Le génocide anti-tutsi a suivi l'attentat meurtrier contre l'avion du président Habyarimana, le 6 avril 1994 à l'aéroport de Kigali.

Le Dr Strizek a indiqué que "l'on ne peut pas comparer le comportement de Habyarimana qui a sauvé des Tutsis en 1973 avec la position D'Adolf Hitler" vis-à vis des Juifs avant et pendant la seconde guerre mondiale.

"Personnellement je ne partage pas la thèse de la planification du génocide par le régime Habyarimana", a-t-il souligné.

La représentante américaine du parquet, Simone Monasebian, a suggéré à l'expert: "Vous percevez le régime Habyarimana à travers des lunettes roses et vous attribuez les maux du Rwanda, passés et peut-être à venir, au FPR [Front patriotique rwandais, ancien mouvement rebelle à dominante tutsie actuellement au pouvoir à Kigali]".

Le témoin a répondu qu'il n'était pas "à cent pour cent admirateur de Habyarimana".

Le Dr Strizek a travaillé au Rwanda entre 1980 et 1983 en tant conseiller économique auprès de la délégation de l'ancienne Communauté économique européenne (CEE). Plus tard, il a dirigé le desk Rwanda au ministère allemand de la coopération. En 1992, il a rédigé une thèse de doctorat en sciences politiques sur le Rwanda et le Burundi.

Lors de son témoignage, le Dr Strizek a déclaré que Habyarimana a traîné les pieds quand le vent de démocratie a soufflé sur l'Afrique après le sommet de la Baule (France) en 1990, mais qu'il serait faux de l'accuser D'avoir planifié un génocide.

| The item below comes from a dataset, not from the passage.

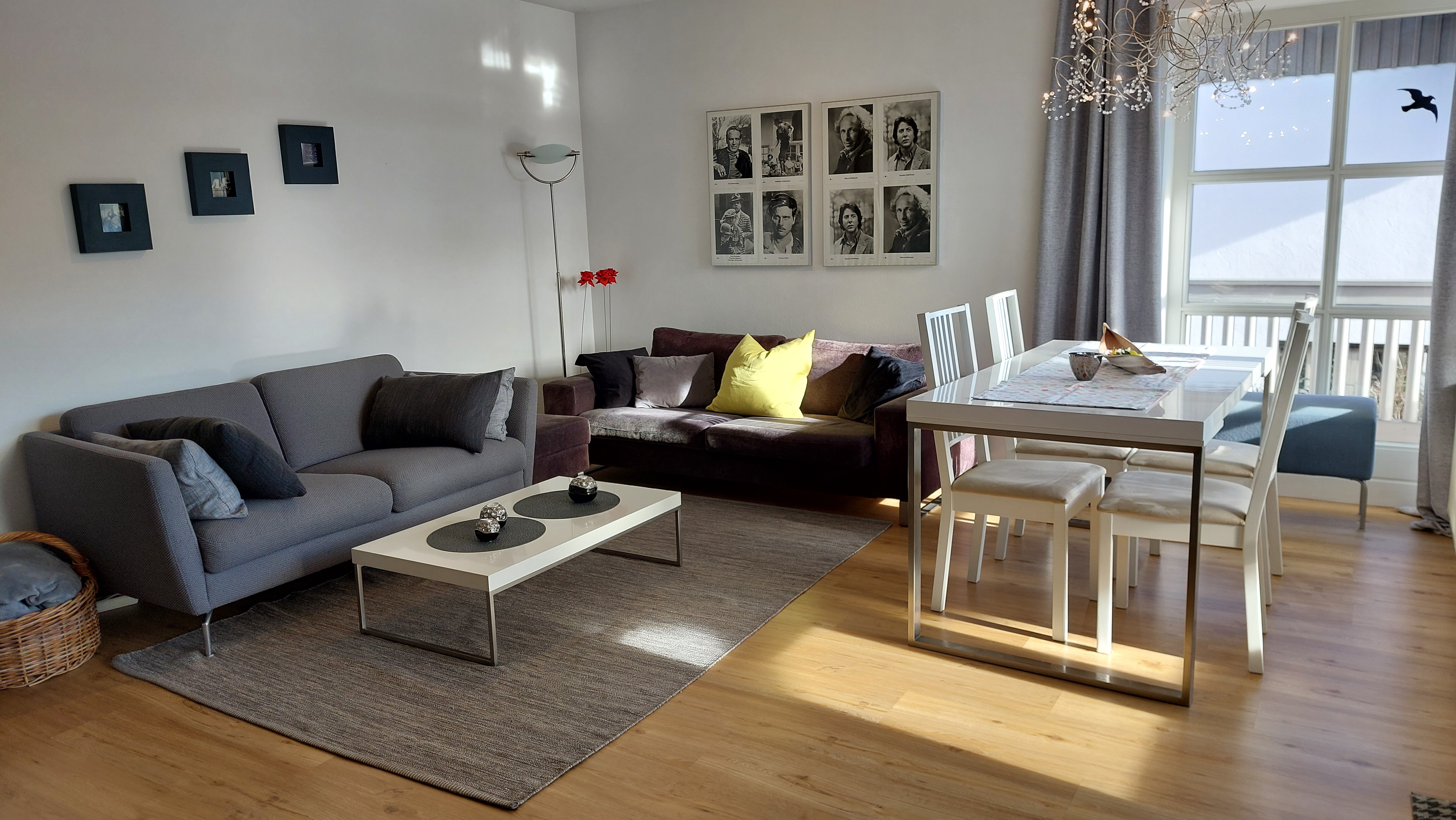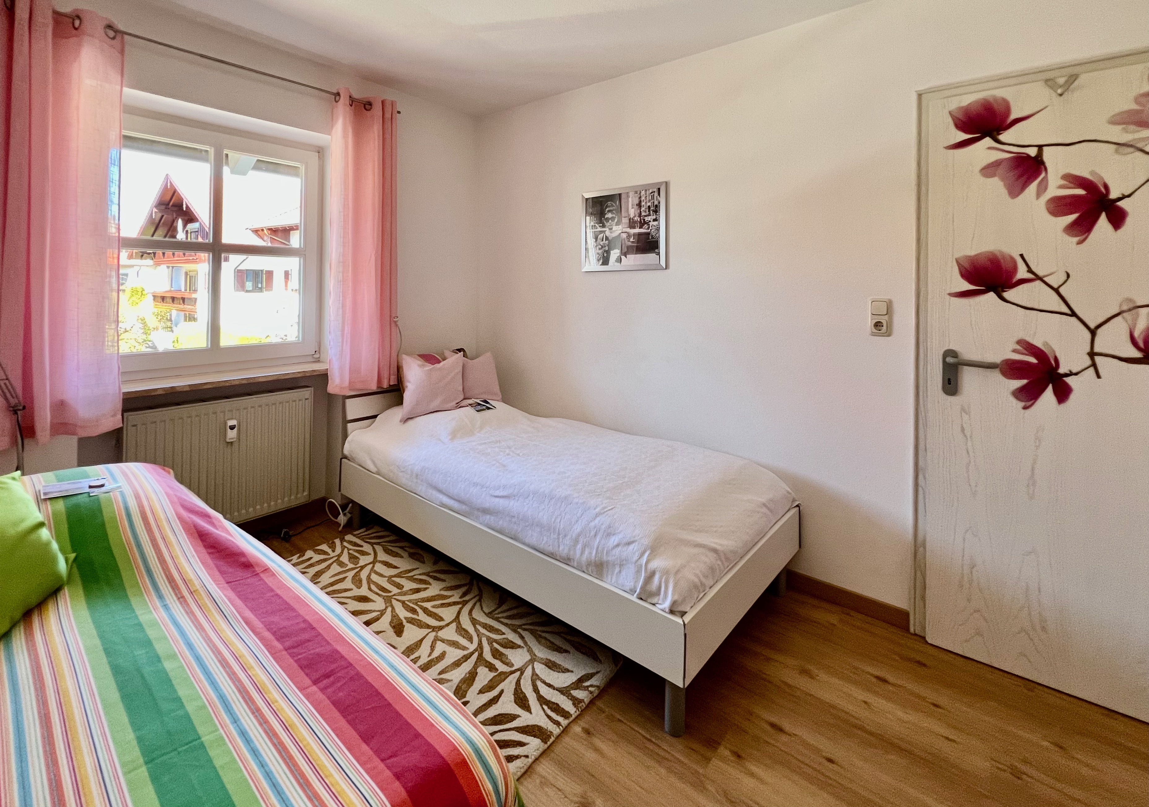 Die top ausgestattete Ferienwohnung besticht durch das lichtdurchflutete, geräumige Wohn-/Esszimmer mit großer, bodentiefer Fensterfront sowie einem überdachtem 15 qm großen Süd- sowie Ostbalkon (incl. Balkonmöbel sowie einer Sonnenliege) mit Blick auf die Berge rund um die Kampenwand. Ein 40-Zoll-Flat-TV und ein schneller WLAN-Anschluss ist selbstverständlich. Im großen Wohnbereich mit 2 Designer Sofas von BoConcept und einem modernen Esstisch mit Aussicht findet auch eine 4-köpfige Familie ausreichend Platz. Die Designer-Einbauküche von NOLTE ist komplett mit Siemens Geräten ausgestattet (Backofen mit Ceran-Kochfelder, Spülmaschine, großer Kühlschrank mit Gefrierfach). Außerdem sind weitere Küchengeräte wie Toaster, Kaffeemaschine, Wasserkocher sowie eine umfangreiche Geschirr-Ausstattung vorhanden. Der gemütliche Küchen-Essplatz an der Fensterfront bietet sich zum Frühstücken bestens an. Das großzügige Schlafzimmer ist u.a. mit einem 1,80 m breiten Doppelbett (2 Einzelbetten mit hochwertigen Matratzen: 1 weiche Matratze, eine härtere Matratze), Schrank und 2 Kommoden ausgestattet. Im Gäste- bzw. Kinderzimmer befinden sich 2 Einzelbetten, die bei Bedarf auch zusammen gestellt werden können (1 1m breites Bett mit mittelfester Matratze sowie ein 90 cm breites Bett mit weicher Matratze).Neben einem geräumigen Bad mit Fenster, Wanne und Wellness-Dusche sowie Waschmaschine und WC gibt es noch ein separates Gäste-WC. Im Eingangsbereich befindet sich ein großer Schiebetüren-Schrank für Ihr Gepäck. Die gesamte Wohnung ist mit einem Design-Parkett-Boden in Eiche natur Optik verlegt.

Le Dr Strizek a reconnu qu'à la suite de l'attaque du FPR en octobre 1990, des milliers de Tutsis ont été emprisonnés mais il a ajouté que "ce n'est pas pour des motifs racistes que Habyarimana a agi ainsi, même si cet événement a donné naissance à des tendances racistes dans le pays".

Le Dr Strizek a expliqué que "dans des situations pareilles, les Etats ont toujours peur de la cinquième colonne. On avait peur qu'il y ait des Tutsis qui pourraient soutenir l'ennemi".

Le procès des médias se déroule devant la première chambre de première instance du TPIR présidée par la juge sud-africaine Navanethem Pillay et comprenant en outre les juges norvégien Erik Mose et sri-lankais Asoka de Zoysa Gunawardana. La déposition du Dr Strizek se poursuit mercredi.